What is needed:
Repeat every line of the data exactly; no picture belongs in the copy.
═════ Supplied material ═════
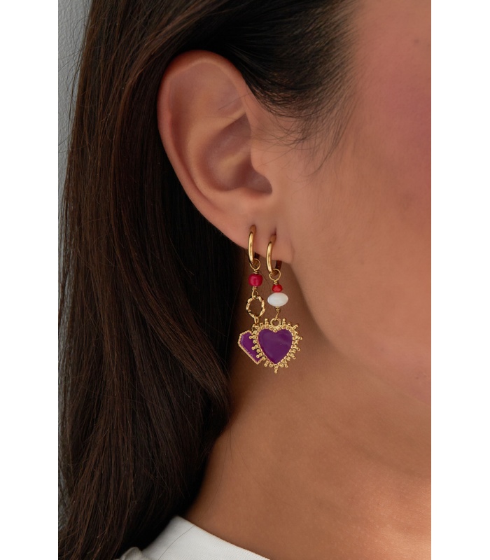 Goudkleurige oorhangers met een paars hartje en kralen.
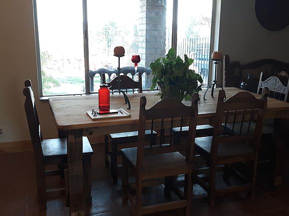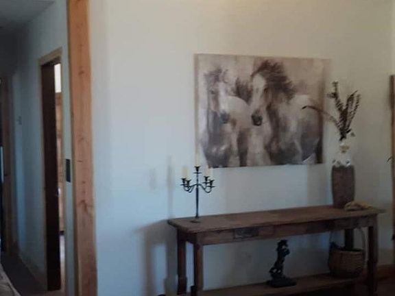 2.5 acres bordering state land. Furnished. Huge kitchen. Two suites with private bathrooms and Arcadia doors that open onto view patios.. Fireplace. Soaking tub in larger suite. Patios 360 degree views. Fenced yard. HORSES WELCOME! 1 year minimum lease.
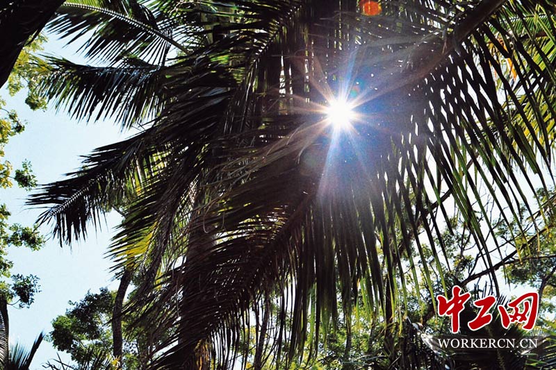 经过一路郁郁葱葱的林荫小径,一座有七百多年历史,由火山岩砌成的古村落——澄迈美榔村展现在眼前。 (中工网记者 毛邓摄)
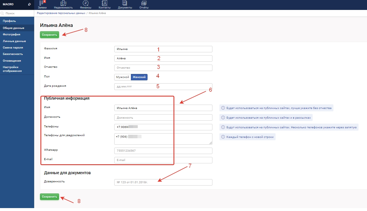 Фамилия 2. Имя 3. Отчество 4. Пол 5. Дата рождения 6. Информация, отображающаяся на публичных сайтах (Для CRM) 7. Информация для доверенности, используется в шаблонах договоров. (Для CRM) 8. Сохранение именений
═════
Exercise output:
 Goudkleurige oorhangers met een paars hartje en kralen.
 2.5 acres bordering state land. Furnished. Huge kitchen. Two suites with private bathrooms and Arcadia doors that open onto view patios.. Fireplace. Soaking tub in larger suite. Patios 360 degree views. Fenced yard. HORSES WELCOME! 1 year minimum lease.
 经过一路郁郁葱葱的林荫小径,一座有七百多年历史,由火山岩砌成的古村落——澄迈美榔村展现在眼前。 (中工网记者 毛邓摄)
 Фамилия 2. Имя 3. Отчество 4. Пол 5. Дата рождения 6. Информация, отображающаяся на публичных сайтах (Для CRM) 7. Информация для доверенности, используется в шаблонах договоров. (Для CRM) 8. Сохранение именений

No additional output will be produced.